> [What is needed]
Print, from the listing below, the lines starting at the line containing "- في منزل الثنائي" and ending at the line containing "A fine art postcard", exactly as they stand, and print nothing else.

> [Dataset entries]

++++

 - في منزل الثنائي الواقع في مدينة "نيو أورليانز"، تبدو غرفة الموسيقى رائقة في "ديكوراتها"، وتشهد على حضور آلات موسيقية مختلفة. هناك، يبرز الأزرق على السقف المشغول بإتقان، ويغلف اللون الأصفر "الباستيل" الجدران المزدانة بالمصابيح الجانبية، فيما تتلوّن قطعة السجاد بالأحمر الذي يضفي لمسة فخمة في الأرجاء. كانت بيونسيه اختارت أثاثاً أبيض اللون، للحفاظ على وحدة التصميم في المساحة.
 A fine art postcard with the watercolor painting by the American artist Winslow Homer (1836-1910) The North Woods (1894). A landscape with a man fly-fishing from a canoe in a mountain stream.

++++

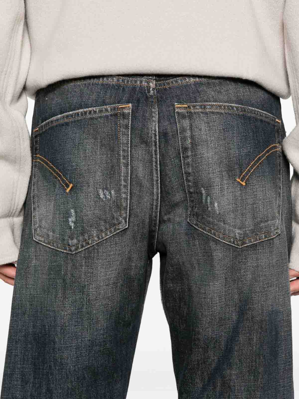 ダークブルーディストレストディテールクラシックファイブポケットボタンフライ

++++

> [Answer area]
 - في منزل الثنائي الواقع في مدينة "نيو أورليانز"، تبدو غرفة الموسيقى رائقة في "ديكوراتها"، وتشهد على حضور آلات موسيقية مختلفة. هناك، يبرز الأزرق على السقف المشغول بإتقان، ويغلف اللون الأصفر "الباستيل" الجدران المزدانة بالمصابيح الجانبية، فيما تتلوّن قطعة السجاد بالأحمر الذي يضفي لمسة فخمة في الأرجاء. كانت بيونسيه اختارت أثاثاً أبيض اللون، للحفاظ على وحدة التصميم في المساحة.
 A fine art postcard with the watercolor painting by the American artist Winslow Homer (1836-1910) The North Woods (1894). A landscape with a man fly-fishing from a canoe in a mountain stream.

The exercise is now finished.